Snatching a few winks

Sleeping is an enjoyable past time outside of the compulsory hours at night.

From sleepy Joes to sleeping beauties the art of sleep takes myriad forms. Every one of them, a testimony to the fact that sleeping is an enjoyable past time when indulged outside of the six to seven compulsory hours at night. For those who disagree I will present my case for defence. 

Take for instance the security guards on duty outside apartment complexes and business centres. As long as there is brisk influx of people and vehicles, the man behind the security enclosure has an air of business about him. He will stop all and sundry, from a close highly-placed relative of a resident on a visit, to the local door-delivery-boy from the neighbourhood supermarket. The protocol of signing the visitors’ register and other finer aspects of recording information of any passer-by is meticulously adhered to. 

Yet, when the briskness of the inflows and outflows dips, there is a corresponding dent in his passion for playing the role of the watchful dog, sniffing for intruders. In this interval his heavily laden eyes too dip, taking a momentary plunge into the realms of sleep and snore. Anyone can either stealthily or even quite noisily slip into the hitherto forbidden territory without him batting an eyelid. Such is the irrevocable joys in snatching a wink when business is at its lull. 

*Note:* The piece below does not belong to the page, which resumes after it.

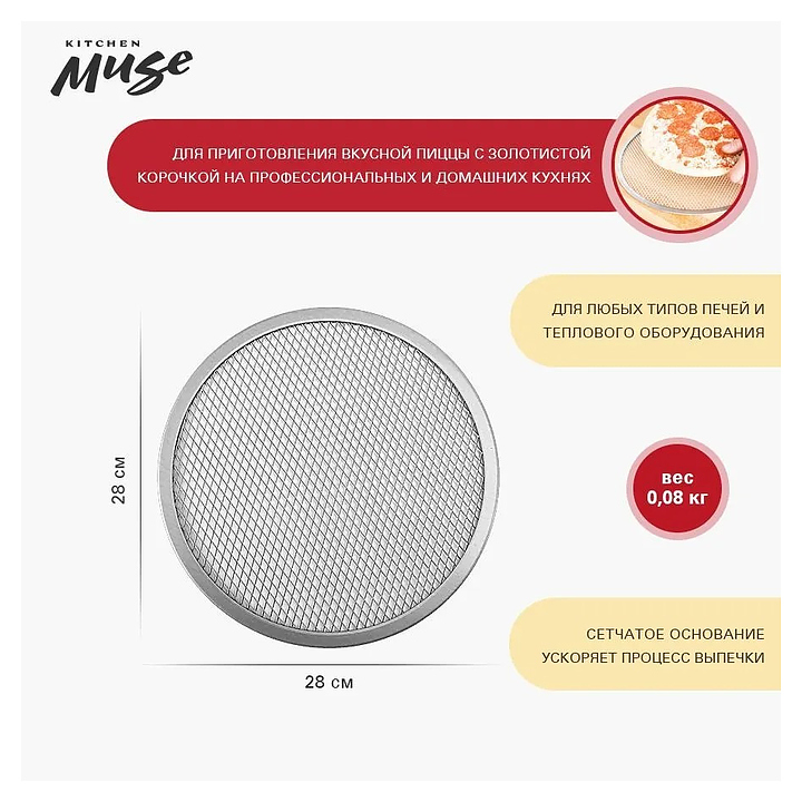 Противень-сетка для пиццы Kitchen Muse KM-PS11 используется совместно с печами на предприятиях общественного питания и торговли. Изделие выполнено из алюминия. Внимание! Информация о товарах, размещенная на сайте, не является публичной офертой, определяемой положениями Части 2 Статьи 437 Гражданского кодекса Российской Федерации. Производители вправе вносить изменения в технические характеристики, внешний вид и комплектацию товаров без предварительного уведомления. Уточняйте характеристики у наших менеджеров перед оформлением заказа. |
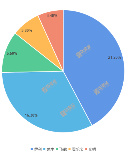 一直以来,伊利与蒙牛被公认为是中国乳业的两大巨头。国家统计局数据显示,按销售金额统计,2022两大巨头分别占据了21.2 %、16.3%的市场份额。排在其后的是光明、君乐宝和飞鹤。

Take another popular siesta time, that of sleeping in class rooms of high-schools and colleges. Any veteran teacher worth his salt will vouch for the fact that when the class is unusually silent and apparently attentive it has nothing to do with a sudden-found enthusiasm to the subject or the improvements in teaching skills. It is more likely than not, that the students are fast sleep, some with eyes closed and many with eyes wide open.

There are still several other novel ways in which sleep is exercised and enjoyed by an average man. Over-worked house wives doze in the darkness of cinema theatres when out on a family trip to a multiplex, stressed out drivers catch up on lost sleep during their waiting time, fatigued men fall asleep in buses and subways en-route their destinations and scores of tired people simply catnap at the slightest pretext.

Whether sleeping for rest or sleeping for want of nothing else to do, one is refreshed after such snoozes, though many a time with much mortification. During one particularly boring lecture on the ‘Indian Economy’ in the economics hour during my graduation, I had fallen into deep slumber. I only woke up to the guffaws of my classmates with the lecturer breathing down my neck, desperately shaking me up to face both her wrath and my shame!